[[ DATA UNDER STUDY open ]]

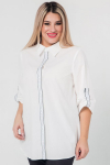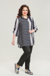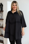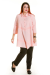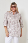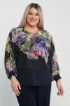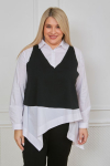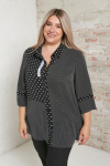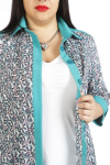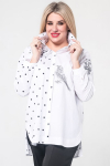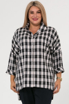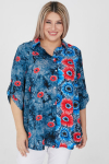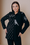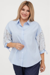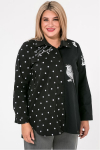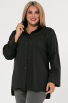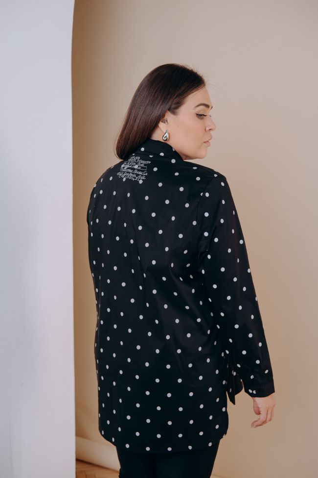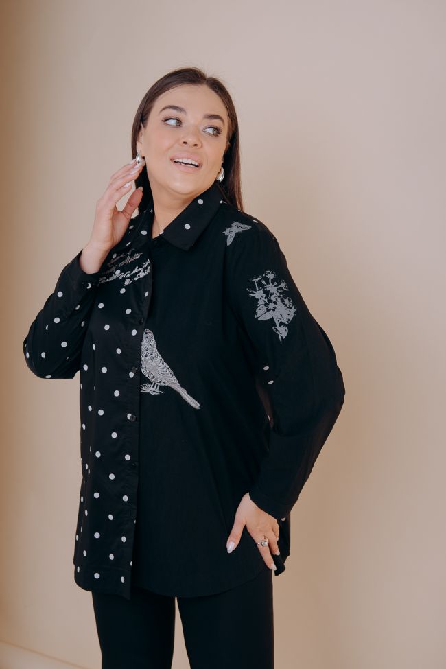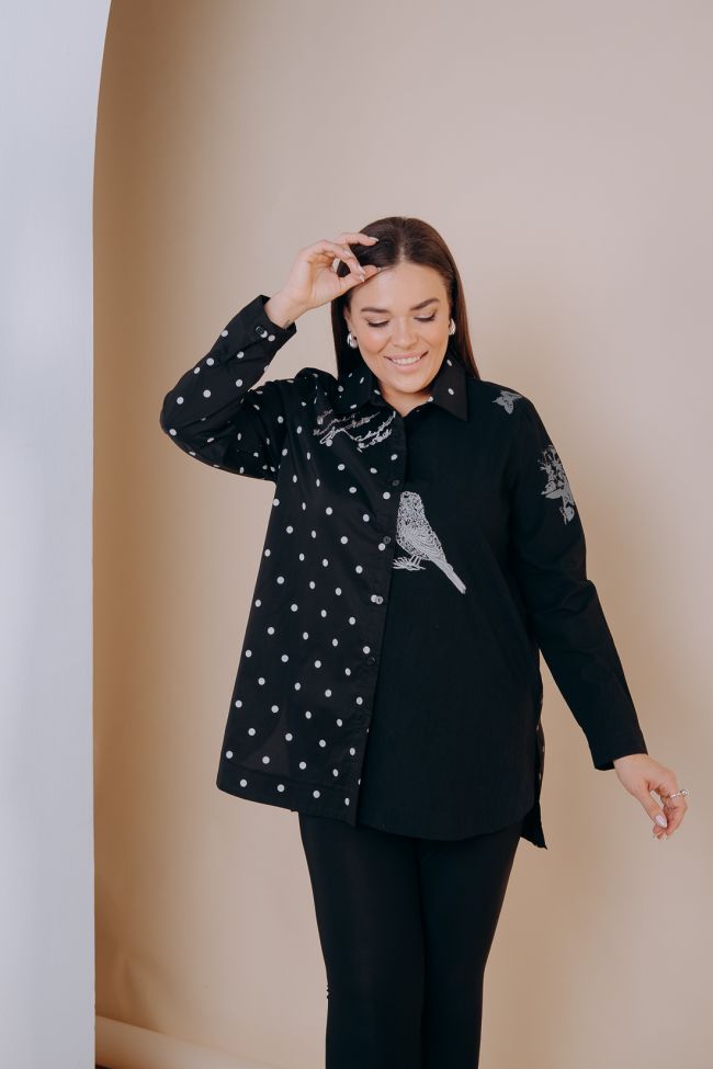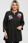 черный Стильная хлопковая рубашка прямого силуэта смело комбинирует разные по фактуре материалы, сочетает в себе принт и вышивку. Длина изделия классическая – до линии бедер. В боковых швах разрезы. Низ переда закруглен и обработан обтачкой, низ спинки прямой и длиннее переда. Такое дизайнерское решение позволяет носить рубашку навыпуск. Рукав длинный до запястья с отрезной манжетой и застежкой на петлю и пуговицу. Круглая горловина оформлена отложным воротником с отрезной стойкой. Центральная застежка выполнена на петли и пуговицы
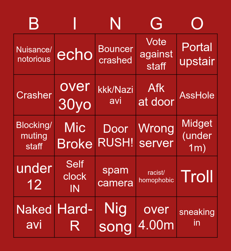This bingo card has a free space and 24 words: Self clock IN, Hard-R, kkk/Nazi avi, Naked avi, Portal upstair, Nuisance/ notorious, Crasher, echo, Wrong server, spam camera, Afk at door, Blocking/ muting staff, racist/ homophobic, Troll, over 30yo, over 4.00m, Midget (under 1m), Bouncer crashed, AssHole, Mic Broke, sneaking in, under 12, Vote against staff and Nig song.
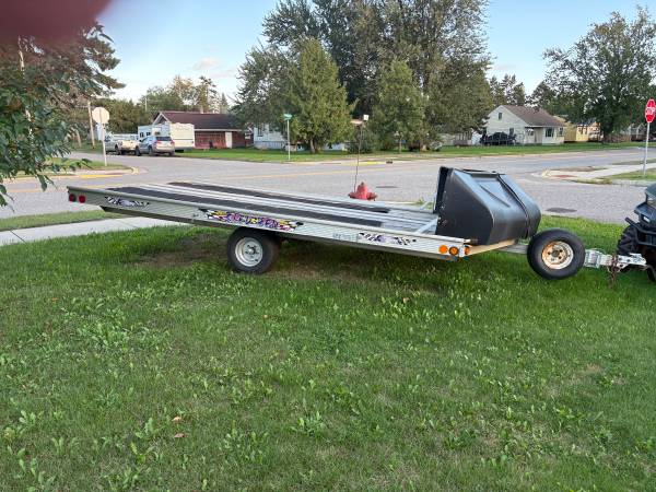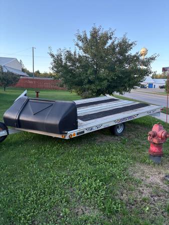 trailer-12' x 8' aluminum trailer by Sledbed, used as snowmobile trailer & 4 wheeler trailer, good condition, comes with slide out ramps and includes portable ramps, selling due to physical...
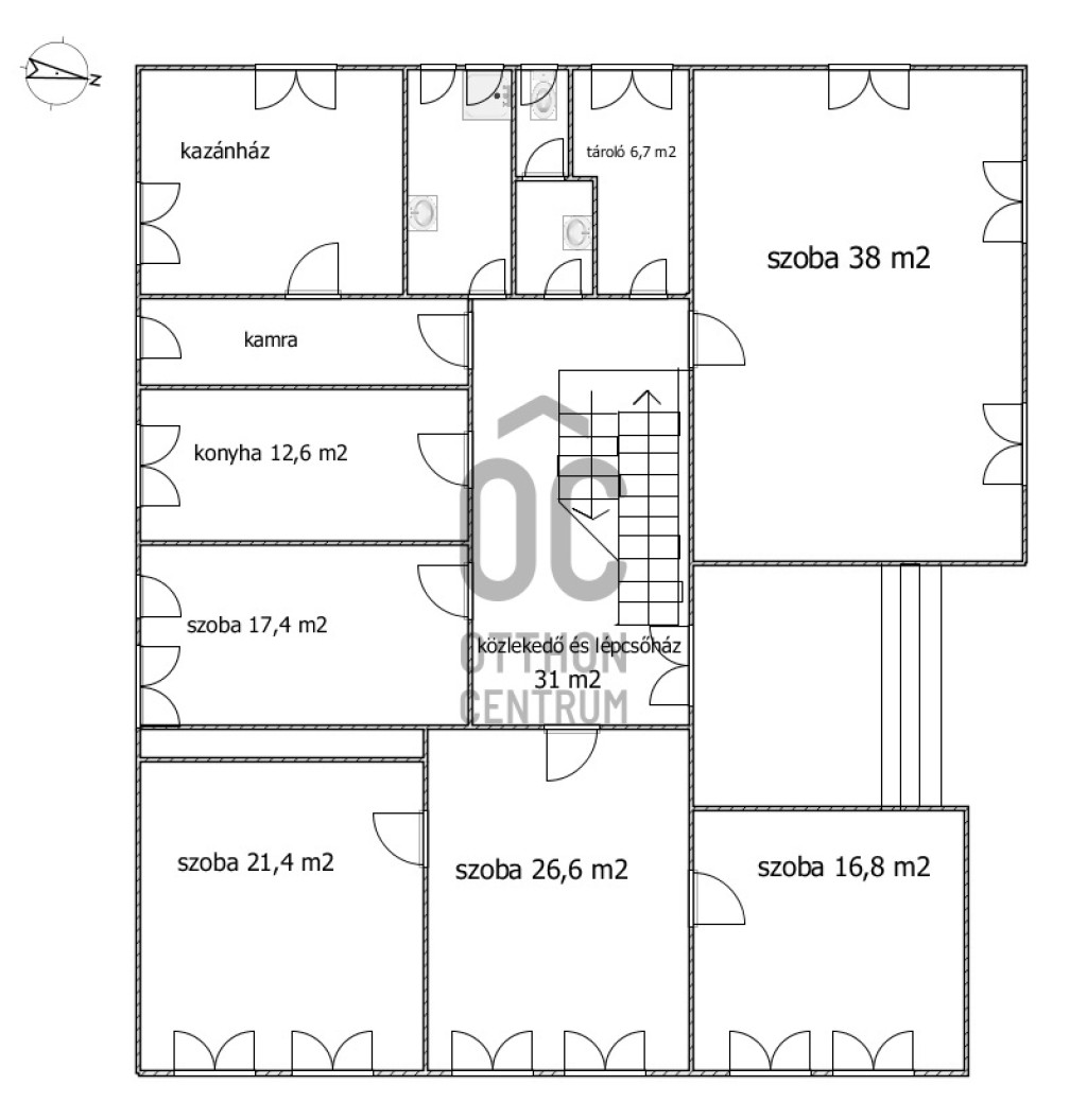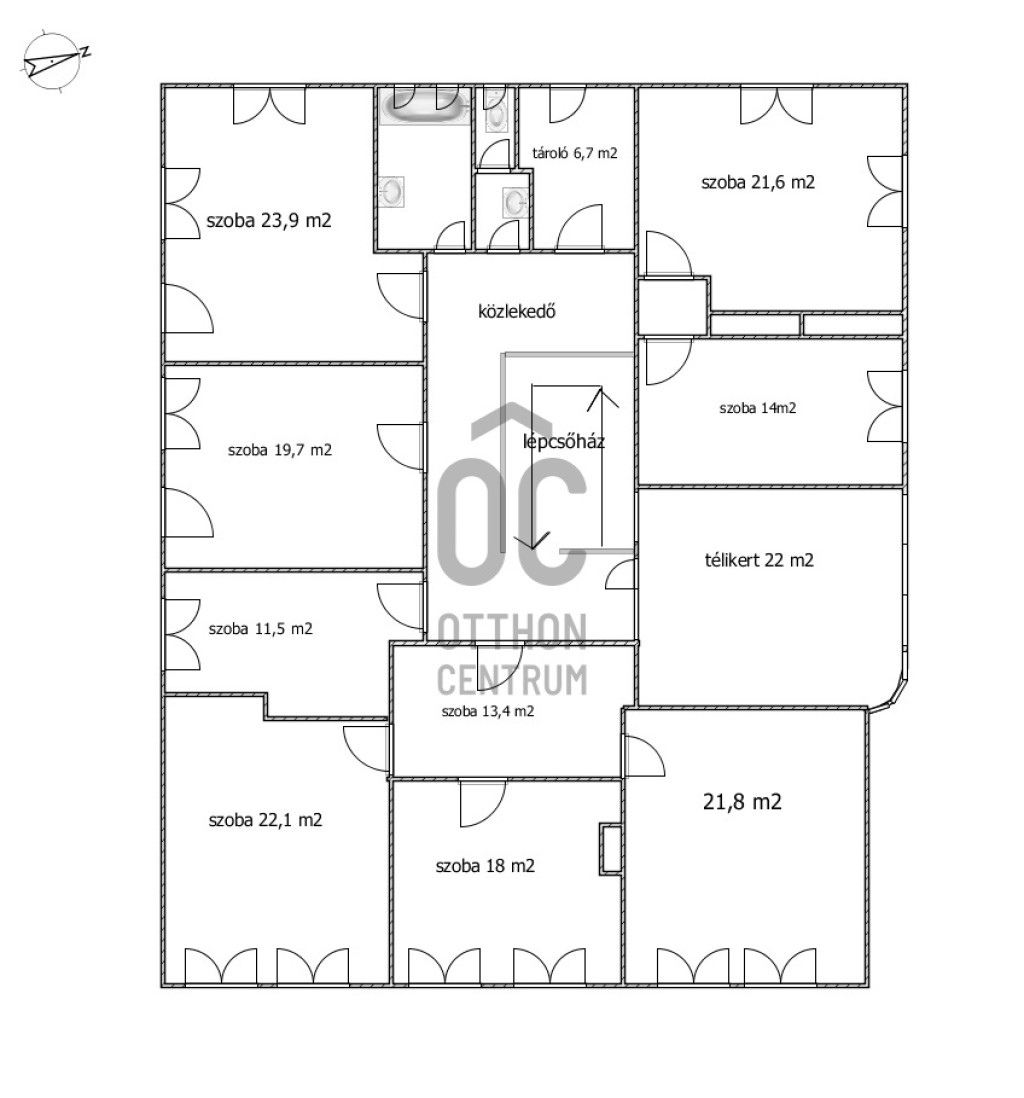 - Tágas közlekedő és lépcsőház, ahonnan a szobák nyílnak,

[[ DATA UNDER STUDY closed ]]
[[ DATA UNDER STUDY open ]]

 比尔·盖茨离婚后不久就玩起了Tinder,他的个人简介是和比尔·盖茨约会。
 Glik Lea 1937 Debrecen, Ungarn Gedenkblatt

[[ DATA UNDER STUDY closed ]]
[[ DATA UNDER STUDY open ]]

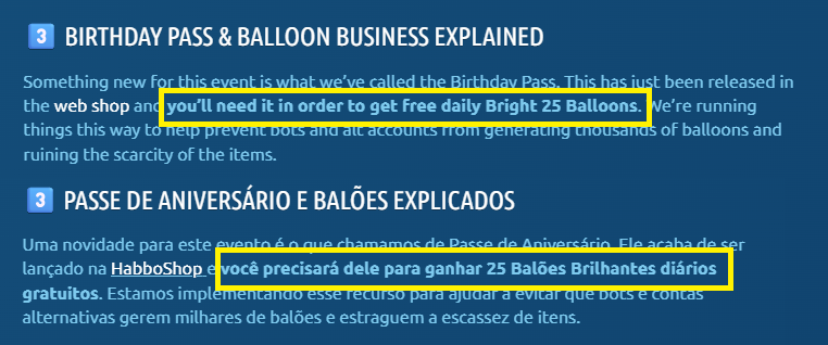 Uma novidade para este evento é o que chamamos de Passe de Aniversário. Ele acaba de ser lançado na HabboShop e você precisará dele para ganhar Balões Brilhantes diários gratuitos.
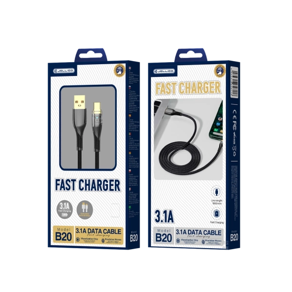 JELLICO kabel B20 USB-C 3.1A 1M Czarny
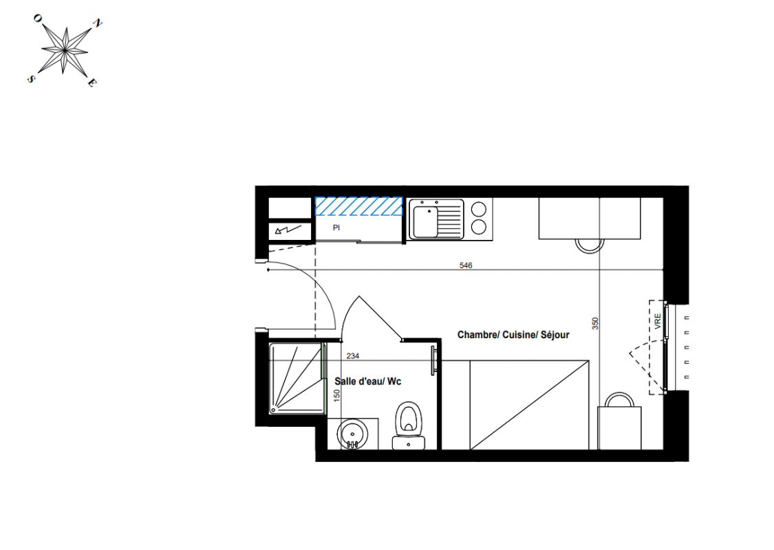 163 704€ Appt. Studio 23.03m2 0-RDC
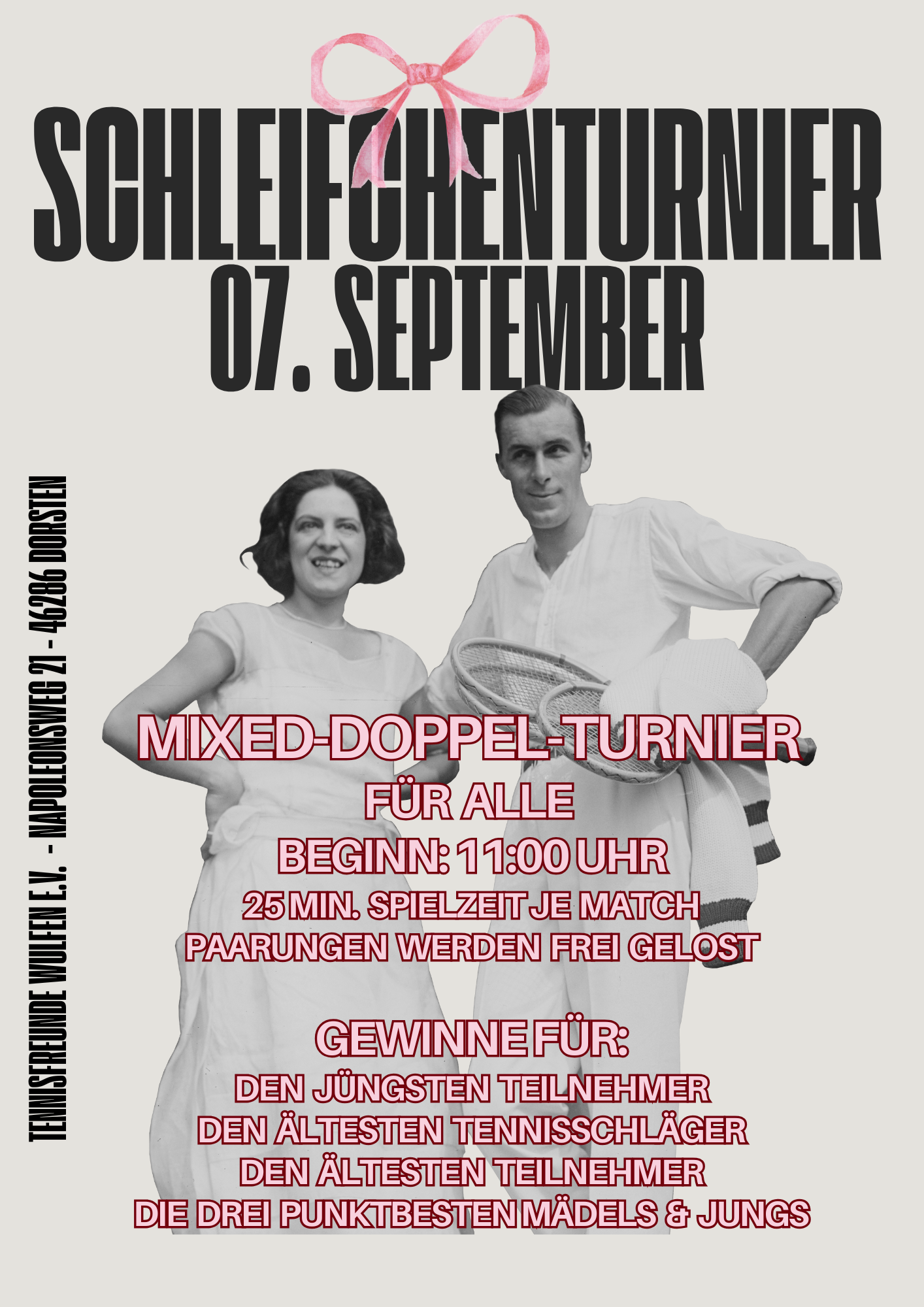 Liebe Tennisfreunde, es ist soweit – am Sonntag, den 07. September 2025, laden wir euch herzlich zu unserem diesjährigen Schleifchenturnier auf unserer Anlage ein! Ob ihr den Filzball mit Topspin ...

[[ DATA UNDER STUDY closed ]]

→ TASK TO CARRY OUT
When you reach the line with "trailer-12' x 8'" in the records above, begin repeating the lines exactly, and stop after the line with "- Tágas közlekedő". Skip all pictures.

→ SOLUTION FOR THIS PROBLEM
 trailer-12' x 8' aluminum trailer by Sledbed, used as snowmobile trailer & 4 wheeler trailer, good condition, comes with slide out ramps and includes portable ramps, selling due to physical...
 - Tágas közlekedő és lépcsőház, ahonnan a szobák nyílnak,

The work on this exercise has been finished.